The Stevens Institute reports temperatures this week in the Hudson River near Albany have been between 52 and 56 degrees.

Paul Post reports in The Saratogian that after General Electric spent $2 billion cleaning up some of the polychlorinated biphenyls, or PCBs, that the company previously added to the Hudson River, the U.S. Environmental Protection Agency is now taking 400 Hudson River floodplain samples. From the 1940s to 1977 General Electric dumped vast quantities of PCBs into the Hudson River, from plants in Fort Edward and Hudson Falls. The EPA already has 7,500 samples from 670 properties since 2000. Now the agency wants to test more backwater areas from Fort Edward to Troy. "Julie Stokes, of Schuylerville Area Chamber of Commerce, said it could be five to 15 years before a floodplain cleanup method is agreed to, approved, designed and implemented," the story says. For more information about the floodplain study go to: www.epa.gov/hudson.

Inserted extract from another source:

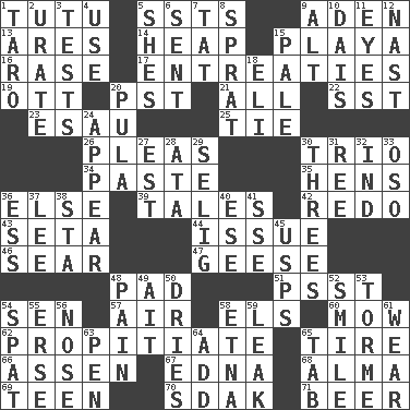 ACROSS 1. Ballerina skirt 5. Fast planes 9. Arabian gulf 13. Ancient Greek god of war 14. Pile 15. Beach, in Buenos Aires 16. Raze (variant) 17. Pleas 19. Baseball player Mel 20. Pacific Standard Time (abbr.) 21. 100% 22. Fast jet (abbr.) 23. He sold his birthright 25. Neckwear 26. Entreaties 30. Musical group of three 34. Thick mixture 35. Coop moms 36. Otherwise 39. Lies 42. Do over again 43. Stalk of a moss capsule 44. Come out of 46. Wither 47. Honkers 48. Groovy apt. 51. Inconspicuous attention getter 54. Elected rep. 57. Atmosphere 58. Raised railways 60. Cut the grass 62. Conciliate 65. Become fatigued 66. NE Netherlands city 67. Pulitzer Prize-winning author Ferber 68. _ mater 69. Adolescent 70. Neighbor of Neb. 71. Fermented drink made from hops DOWN 1. Edible starchy tuberous root 2. A salt of uric acid 3. Trials 4. Purpose 5. "______ My Girl" (Turtles hit) 6. Emitted 7. Make lace 8. Small fatty European fish 9. Keyboard modifier key 10. Raised platform 11. Snake ____ (dice throw) 12. Political cartoonist Thomas 15. Light colored 18. Connecticut Ivy Leaguer 20. Monetary unit of Botswana 24. Seem 27. Eastern Standard Time (abbr.) 28. "One Day ___ Time" 29. Former Milwaukee Brewers owner Bud 30. Triads 31. To separate or throw off 32. Indiana (abbr.) 33. Bear (Spanish) 36. Curvy letter 37. Area sheltered from the wind 38. R.R. building 40. Compass dir. 41. Compass dir. 45. United States Postal Service (abbr.) 48. Ache 49. Small island 50. Frees from moisture 52. Grin 53. Singer Mel 54. Petty quarrel 55. Celtic language 56. Olfactory organ 58. Inactive volcano in Sicily 59. Path through which fluid escapes 61. Erode 63. Fenced enclosure 64. Say or write further 65. Keyboard key

• Local sewer plants released announcements about their releases into local Hudson River water sources after heavy rains last weekend. The Village of Catskill Wastewater Treatment Plant on May 7 had two hours of release into Catskill Creek. The City of Hudson Wastewater Treatment Facility on May 6 had a five-and-a-half hour release into the Hudson River, and another four-and-a-half hour release May 5.

New York's Department of Environmental Conservation is currently in the tenth year tracking Hudson River eels. More than 550 volunteer are donning waders and venturing into tributary streams to participate in the DEC's research on migrating juvenile American eels (Anguilla rostrata). "New York is home to significant habitat that is critical to the life-cycle of many migratory fish species," said DEC Commissioner Basil Seggos. "The American Eel Research project is an excellent way to connect students and the community with nature while gathering research that can be valuable for the future study of this species and its role in our ecosystem." The Hudson River Estuary Program and Hudson River National Estuarine Research Reserve began ten years ago gathering data for multi-state management plans for eel conservation. Eel collection takes place at most sites daily from early March through mid-May. Now coastal states from Florida to Maine monitor the migrations of American eels. Local eels are born in the Sargasso Sea north of Puerto Rico, and every spring they arrive in estuaries like the Hudson River as translucent, two-inch long "glass eels." Eels will live in freshwater streams and lakes for up to 30 years before returning to the sea to spawn.